"Another question, Cap'n--why did the unknown bother
to take my 'Who's Who' out of the bookcase, where I should normally have
looked for it, and put it on that particular shelf?"
Warily, for his scalp was prickling with a premonition of danger, Dundee
crossed the room to the shelf, but his hand did not reach out for the
red book, which might have been expected to solve one problem, at least.
"_Why the shelf?_" he asked himself again. Why not the desk top, or the
mantelpiece, or the smoking table beside the big armchair?

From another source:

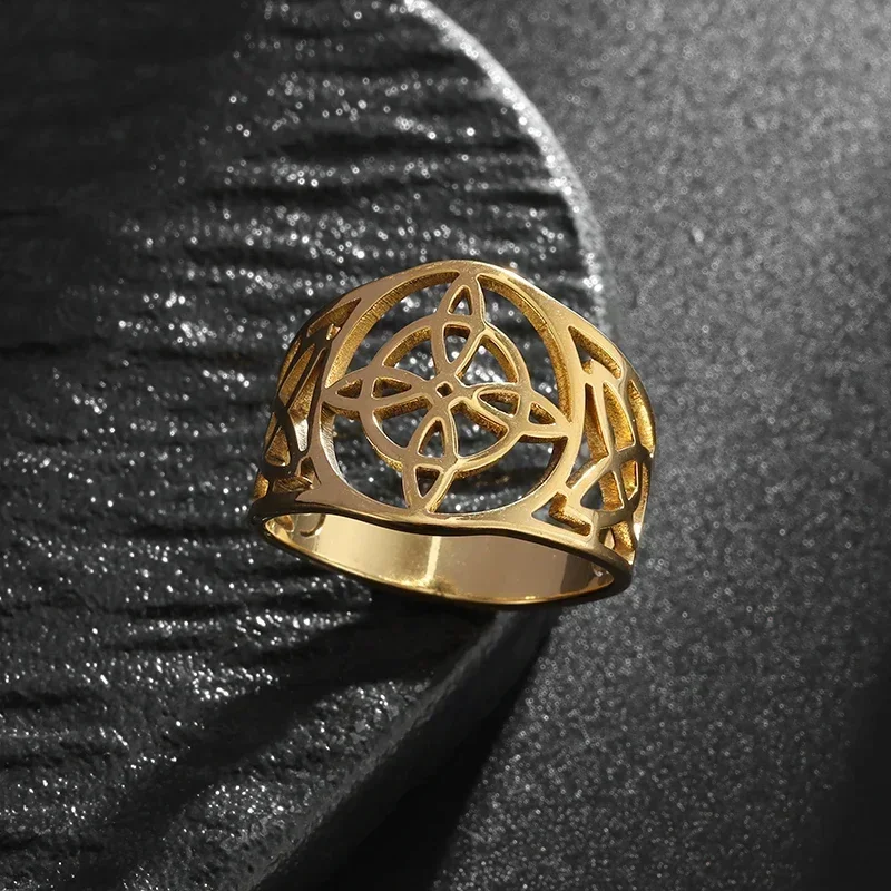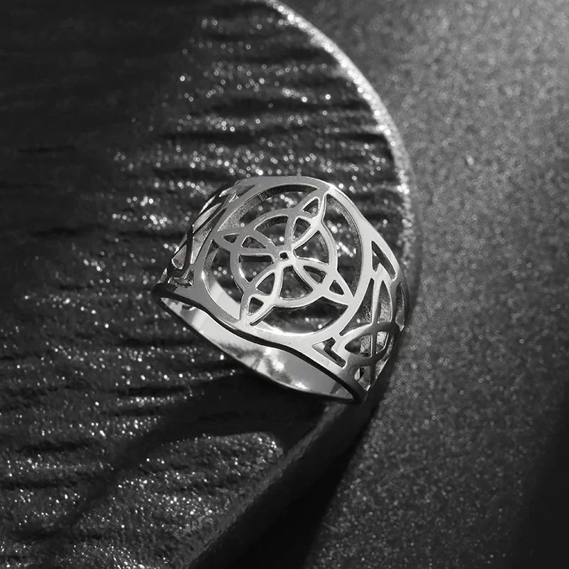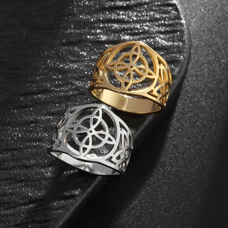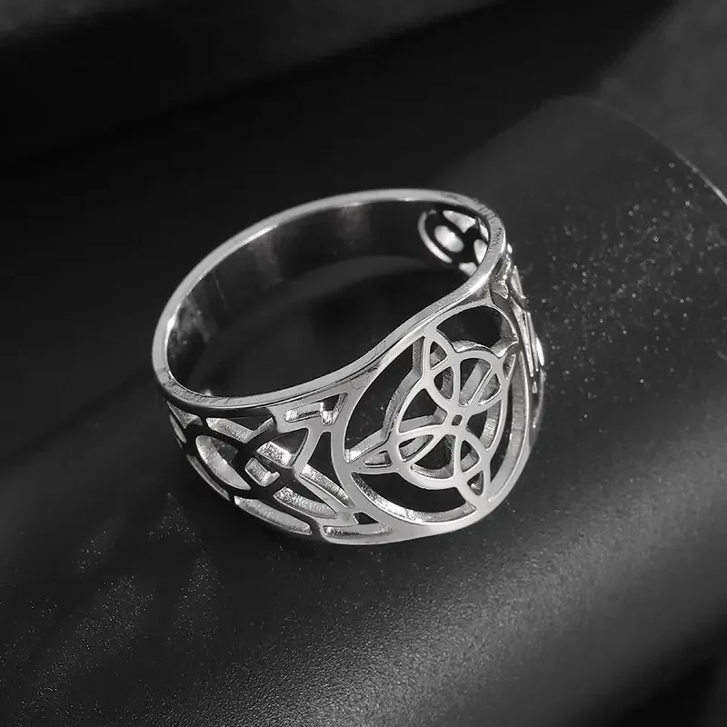 Anillo de nudo celta con nudo de bruja hueco de acero inoxidable, amuleto de fiesta informal a la moda, regalo de joyería Universal para hombres y mujeres

The shelf, with its drapery of rather fine old silk tapestry, offered no
answer in itself, for it held nothing except the red book, a Chinese
bowl, and a humidor of tobacco. And beneath the shelf was nothing but
the old-fashioned register, the opening covered with a screwed-on metal
screen which was a mass of big holes to permit the escape of hot air
when the furnace was going in the winter....
Suddenly Dundee stooped and stared with eyes that were widened with
excitement and a certain amount of horror. Then he rose, and, standing
far to one side, picked up the fat volume which lay on the shelf. As he
had expected, a bullet whizzed noiselessly across the room and buried
itself in the plaster of the wall opposite--a bullet which would have
ploughed through his own heart if he had obeyed his first impulse and
gone directly to the shelf to obey the instructions in the note.